Ein paar Minuten später schließt er ab: „Es ist für mich unmöglich zu verstehen, wie manche Menschen denken. Wieso sehen sie nur das, was sie nicht haben können? Sie haben ein Problem damit, sich zu bedanken. Statt sich zu bedanken, sagen sie: ‚Fuck you!‘ Im Übrigen kopiert niemand Phil Mogg. Auf Wiedersehen.“ Dann gab es Meinungsverschiedenheiten bei der Zusammenstellung des Albums im Record Plant Studio in New York. Schenker verlangte zum Beispiel, dass ein anderer Take von ›Rock Bottom‹ verwendet werden sollte als der, den Nevison ausgewählt hatte. Als STRANGERS am 2. Januar 1979 veröffentlicht wurde, war Schenker schon nicht mehr in der Band. „Er ist ganz schön viel gelaufen, nicht wahr?“, sagt Mogg. „Er hat das Leder seiner Schuhe abgewetzt. Du liebe Güte. Er läuft immer vor irgendwas davon. Ich weiß gar nicht mehr, wann er tatsächlich ausgestiegen ist. Ich kann mich daran erinnern, dass er das Album noch mit genauso viel Begeisterung gemacht hat wie alle anderen. Und dass er ständig irgendwas austauschen wollte, bis Ron schließlich sagte: ‚Ich werde verdammt noch mal nichts austauschen. Das ist ein Livealbum‘. Und Michael sagte: ‚Armes, armes ›Rock Bottom‹, und verließ den Raum. Dann sahen wir ihn eine Weile nicht.
Das Traurige für alle Beteiligten war, dass dies geschah, als die Band einen Höhepunkt erreicht hatte. UFO entwickelten sich dann zu einem poppigeren Sound weiter. Schenker stieg kurzzeitig wieder bei den Scorpions ein und gründete dann seine eigene Band. Keinerv on ihnen machte je wieder bessere Musik als das, was sie bis zu jenem Zeitpunkt abgeliefert hatten. Dazu kamen noch Geldprobleme. Als UFO 1980 beim Reading Festival als Headliner auftraten, kassierten sie dafür 86.000 Pfund, doch die Bandmitglieder bekamen davon nur jeweils 1.000 Pfund, außer dem Neueinstieg Neil Carter, der die Hälfte erhielt. Als UFO schließlich 1983 das Handtuch warfen, war Mogg so arm, dass er bei einem Freund wohnen und Arbeitslosengeld beantragen musste.

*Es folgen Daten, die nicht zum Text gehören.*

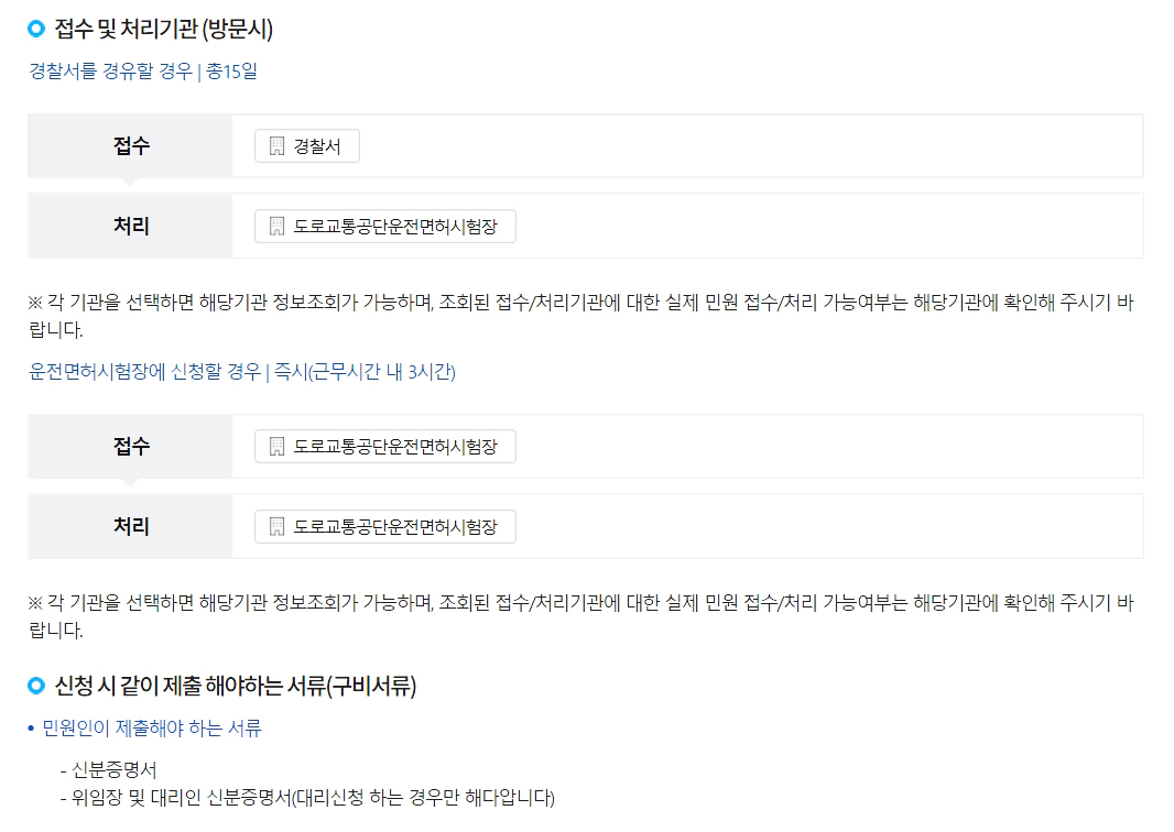 운전면허증 재발급 방법에는 3가지가 있는데요. 첫번째로는 가까운 경찰서나 교통 민원실을 직접 방문해서 재발급을 신청하는 방법이 있습니다. 그리고 경찰서가 아닌 운전면허시험장을 방문하는 방법도 있습니다.
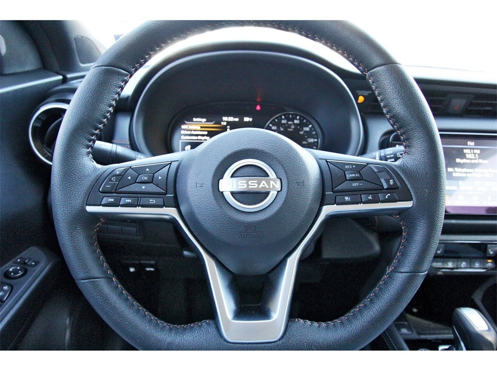 Central Houston Nissan is proud to present you with another True Market Priced Pre-Owned Vehicle. This 2024 Nissan Kicks SR is loaded with the following Factory Options: SR Premium Package (Bose Personal Plus Audio System, Heated Front Seats, Heated Steering Wheel, Prima-Tex Appointed Seat Trim, Security System, and Tonneau Cover), 3.93 Axle Ratio, 4-Wheel Disc Brakes, 6 Speakers, ABS brakes, Air Conditioning, Alloy wheels, AM/FM radio: SiriusXM, Apple CarPlay/Android Auto, Auto High-beam Headlights, Automatic temperature control, Blind Spot Warning, Brake assist, Bumpers: body-color, Carpeted Floor Mats w/Cargo Mat, Cloth Seat Trim, Delay-off headlights, Driver door bin, Driver vanity mirror, Dual front impact airbags, Dual front side impact airbags, Electronic Stability Control, Exterior Parking Camera Rear, Front anti-roll bar, Front Bucket Seats, Front Center Armrest, Front fog lights, Front reading lights, Front wheel independent suspension, Fully automatic headlights, Heated door mirrors, Illuminated entry, Knee airbag, Leather steering wheel, Low tire pressure warning, Occupant sensing airbag, Outside temperature display, Overhead airbag, Panic alarm, Passenger door bin, Passenger vanity mirror, Power door mirrors, Power steering, Power windows, Radio data system, Radio: AM/FM Audio System, Rear Parking Sensors, Rear reading lights, Rear side impact airbag, Rear window defroster, Rear window wiper, Remote keyless entry, Speed control, Splash Guards Grain (4 Piece), Split folding rear seat, Sport steering wheel, SR Rear Roof Spoiler, Steering wheel mounted audio controls, Tachometer, Telescoping steering wheel, Tilt steering wheel, Traction control, Trip computer, Turn signal indicator mirrors, Variably intermittent wipers, Wheels: 17" Alloy (5-Hole), and Wheels: 17" Black Alloy!!
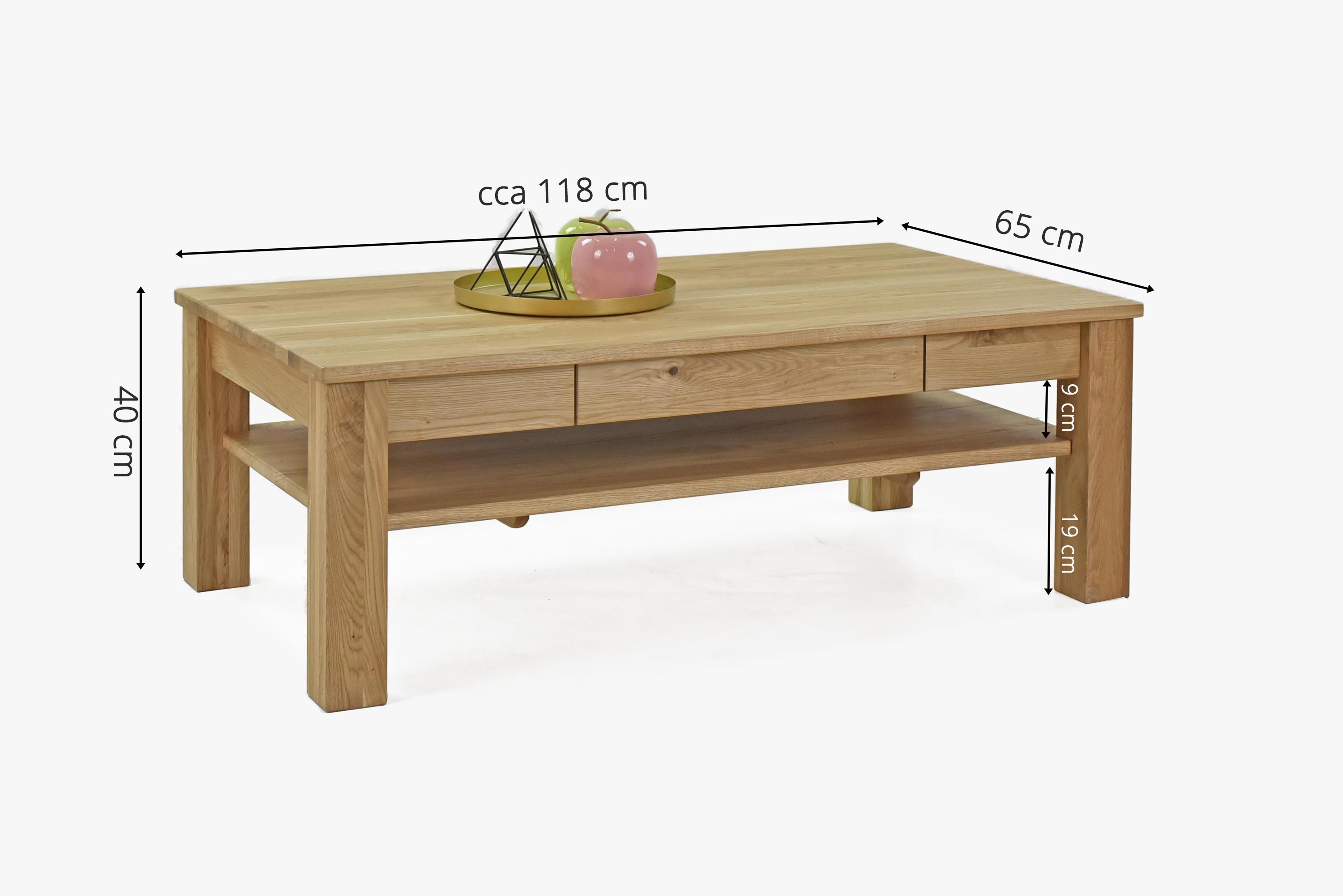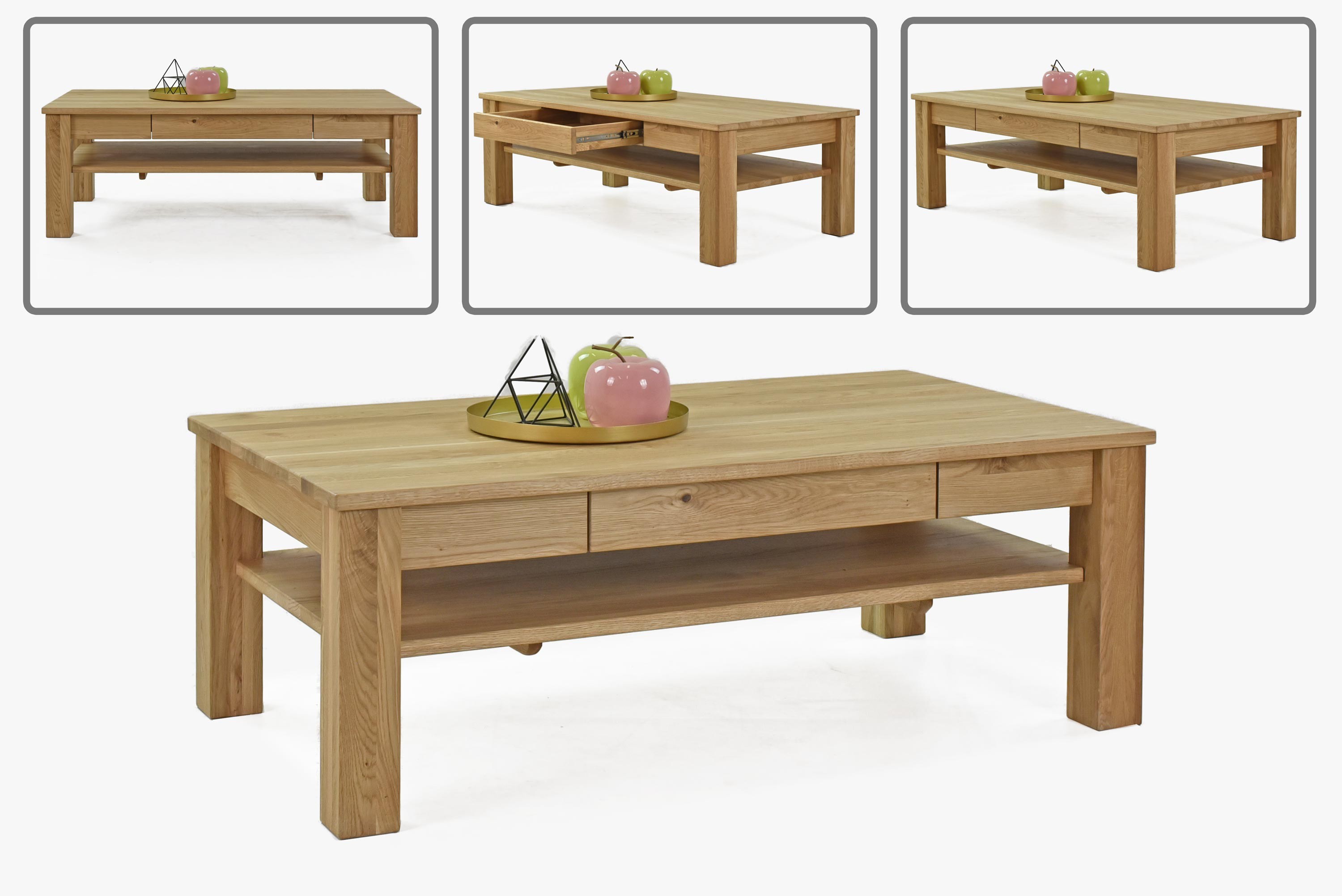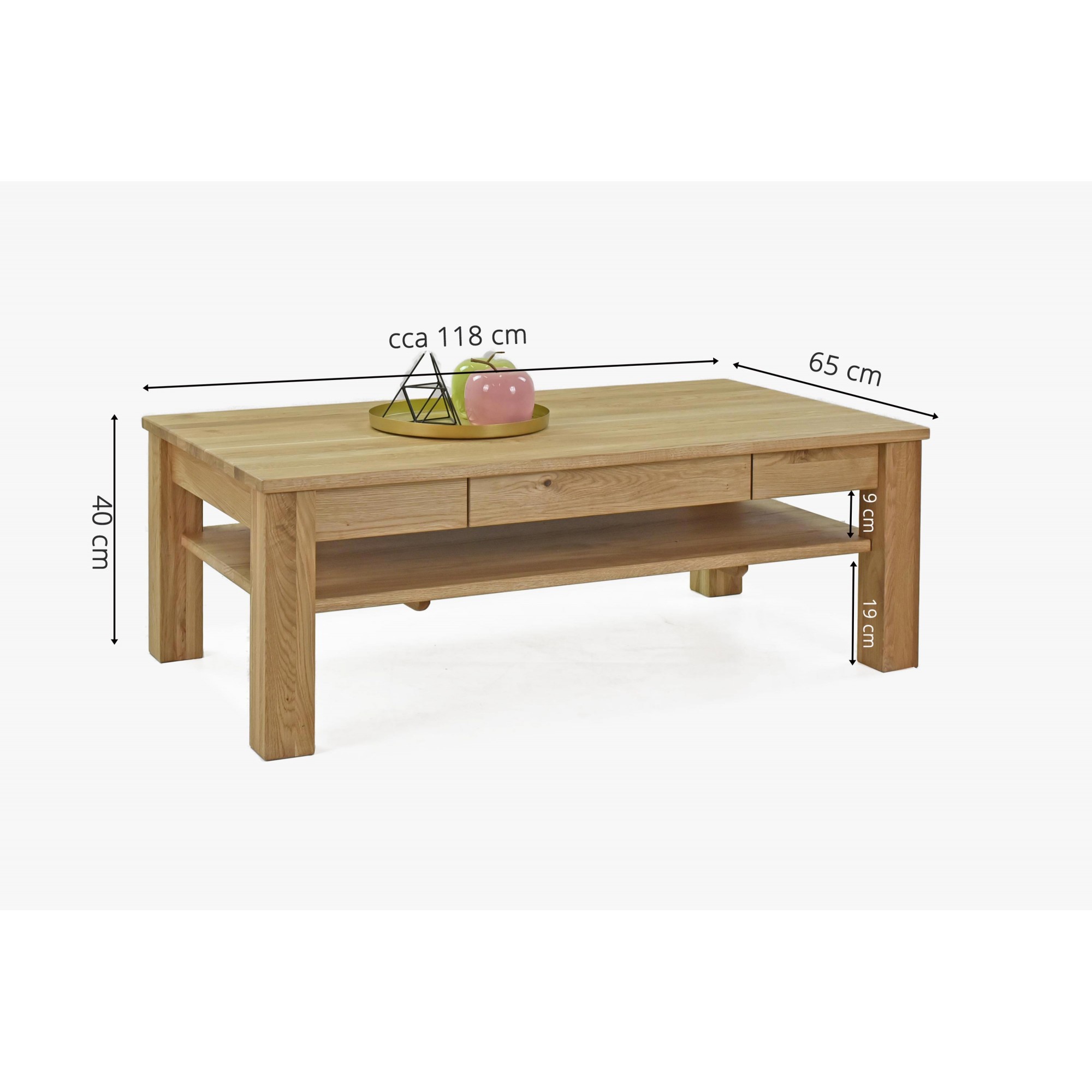 Dubový konferenčný stolík z masívu vrátane políc a zásuvkou, model Milton

Doch STRANGERS war eine besondere Zeit für UFO. Es ist eines jener seltenen Livealben, auf denen die Interaktion zwischen allen Mitgliedern perfekt ist –nicht nur Schenkers grandiose Leadgitarre, sondern auch Moggs Macht über das Publikum (interessanterweise erwähnt Schenker die „Monotonie“ von Moggs Stimme, hält aber fest, dass sie sich perfekt mit seinem eigenen Melodiegespür zu etwas Großem vereinte, das sie jeder für sich allein nicht hätten erzielen können). Parkers Schlagzeug ist bombastisch, und man sollte nicht die Leistungen der beiden schon Verstorbenen vergessen: Way und Raymond waren ebenso unverzichtbare Bestandteile des Sounds von STRANGERS IN THE NIGHT wie Mogg und Schenker. Die neue, erweiterte Fassung des Albums zollt ihnen Tribut.
Selbst Schenker, der sich nach dem Erscheinen des Albums gnadenlos über die Mängel äußerte, hat seinen Frieden damit geschlossen: „Heute klingt STRANGERS IN THE NIGHT für mich gut, weil ich nicht mehr drinstecke. Ich habe Abstand dazu und höre es anders. Es wirkt sich anders auf mich aus, weil es so beliebt wurde. Alle mögen es und man wird automatisch Teil dieser Welle. Alles beeinflusst deine spätere Meinung.“ Parkers Reaktion ist weniger komplex: „Wir waren am Gipfel unserer Karriere und es verkörpert einfach die Band. Es wird immer mein Lieblingsalbum sein.“ Und seien wir ehrlich, meines und wahrscheinlich deines auch. STRAN-GERS IN THE NIGHT ist eben das definierende Statement von UFO.